DAC that re-clocks for under $1000?


I am thinking about using an ipod classic 160GB as a music server, running AIFF, so I need a re-clocking DAC. I know about the Music Hall 25.2 DAC for $600, are there any others out there I should consider? Big Ben and PaceCar are too expensive for my modest system: B&W 685s, HSU VTF-1, assume Music Hall a25.2 amp, AudioQuest G-Snake ICs, current CDP is a 15 year old Yami changer. Thanks.
realremo

Showing 4 responses by kijanki

You can read about Benchmark's technology here: http://www.soundonsound.com/sos/jul05/articles/benchmark.htm

As far as I remember at 50GHz most of samples are redundant. This frequency is not real (1 million times oversampling) and is based on statistical manipulations(finding exact spot for the output sample).

They also mention updating output DAC at only 110kHz. Most of DAC chips have higher THD at 192kHz than 110kHz.

Asynchronous upsampling never brings exact oversampling ratios. If specification says 4x,8x,128x etc. then it is not asynchronous upsampling converter but rather oversampling one based on PLL (phase lock loop).
Realremo - Benchmark is not on the warm side. It is pretty neutral and resolving/revealing. I have class D amp (Rowland 102) that is also neutral and resolving. Combination of two with my previous Paradigm Studio/60 v2 speakers was a little bright (painful on some records). I changed speakers to Hyperion HPS-938 and now everything is creamy smooth and even bright recordings sound nice and musical.
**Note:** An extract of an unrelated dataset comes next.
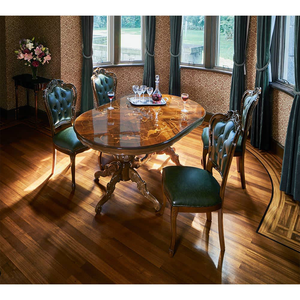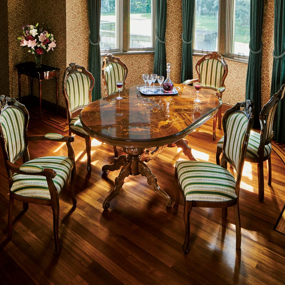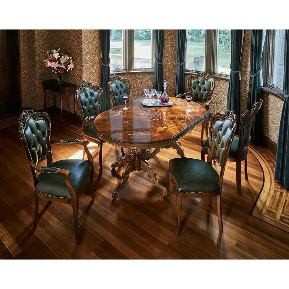 ヨーロッパの職人が現代に受け継ぐ精緻な技と美の結晶である、象がん細工を施したイタリア製ダイニングテーブルです。人気の猫脚デザインなどクラシック家具ならではの流麗なフォルムが、華やかで高級感のあるインテリアを演出します。イタリア現地職人による伝統の技が息づく、イタリアの様式美◆イタリアの家具メーカーで長年修行を積んだ熟練の職人たちが昔ながらの技法を駆使し、丹精込めて仕上げたダイニングテーブルです。◆細やかな模様をひとつひとつ切り出したところへ色合いの違う木材をはめ込んで磨きをかけています。◆テーブル全体に象がん細工を施した贅沢で風格漂うヨーロピアンデザイン。◆飴色に輝くブラウン塗装仕上げは使いこむ程に味わいが出て、長年に渡ってお楽しみいただけます。◆クラシカルなデザイン性と機能性を融合させた、人気のクラシック家具です。◆映画に出てくるようなデザインのイタリア製センターテーブルが、お部屋のコーディネートを優雅に演出します。◆流れるような優美なフォルムの脚部デザインは、重厚でしっかりと安定感があります。◆オーバル形の曲線が美しい幅172.5cmの大型テーブルは、家族やお客様が集まって座りやすい形状です。ヨーロッパの職人たちが現代に受け継いできた象がん細工◆象がんとは、異なる素材を組み合わせて花柄などの紋様を表現する伝統技法。◆使用される素材も天然木を使用するため、1点1点職人が素材と対話し、その味わいを最大限に引き出せる風合いに仕上げております。◆手作業で仕上げているため、板にあらわれる象がん模様は、カタログや写真と色や柄の色味や風合いが多少異なる場合がございます。◆家具1点1点に込められた、あたたかみのある表情をお楽しみください。◆美しく精緻な模様が天板全体にはめ込まれているのでダイニングが華やかな雰囲気に。◆イタリアならではの光沢塗装仕上げは、さらに象がんの美しさを際立たせます。◆脚部にも手作業で彫られた、美しい装飾が施されています。商品担当者からのメッセージ古くから腕利き職人が集まる地域で作られたイタリアン家具はディノスの人気商品です。ヨーロッパ家具やアンティーク家具とのコーディネートで、海外インテリアのようなおしゃれで素敵なお部屋の雰囲気に。届いたその日からご使用いただける完成品なのも魅力のひとつです。ディノスが自信を持ってお勧めするクラシック家具・輸入インテリアをお楽しみください。〜アンティーク家具の特集はこちら〜アンティーク家具の世界

Before Benchmark I had Cambridge CD4SE. I was really surprised with Benchmarks clarity. Initially it sounded like some instruments were missing (too clean). Some people call it sterile - I call it very clean.

I cannot tell you how it compares to other DACs since I never had other DACs in my setup.
Realremo - Airport Express has only optical out but it doesn't matter if DAC has very strong jitter rejection. My Benchmark has jitter bandwidth of few Hz and at frequencies of interest (kHz) has over 100dB rejection (of a jitter that was -60dB or lower). Stereophile wrote primer on jitter http://www.stereophile.com/reference/1093jitter/ You'll find some info on reclockers there.

Jitter is noise in time domain. In frequency domain it creates sidebands that are not harmonically related to root frequency and therefore audible even at very low levels. With music (complex signal) it is basically noise. Since it appears only when signal is present and it is proportional to signal level it cannot be detected without signal and can be judged only as a lack of clarity.

Typical transport's digital out switches with about 25ns transition time. Better transports do it perhaps faster. Faster transition means more problems with reflections on characteristic impedance boundaries but slower transitions suffer from induced noise or threshold/system noise (case of toslink). Whole thing depends on all three components (transport, cable, DAC) but Toslink in general makes about 2x worse jitter than coax. On the other hand if your DAC has strong jitter rejection then Toslink might be a blessing because it breaks ground loops.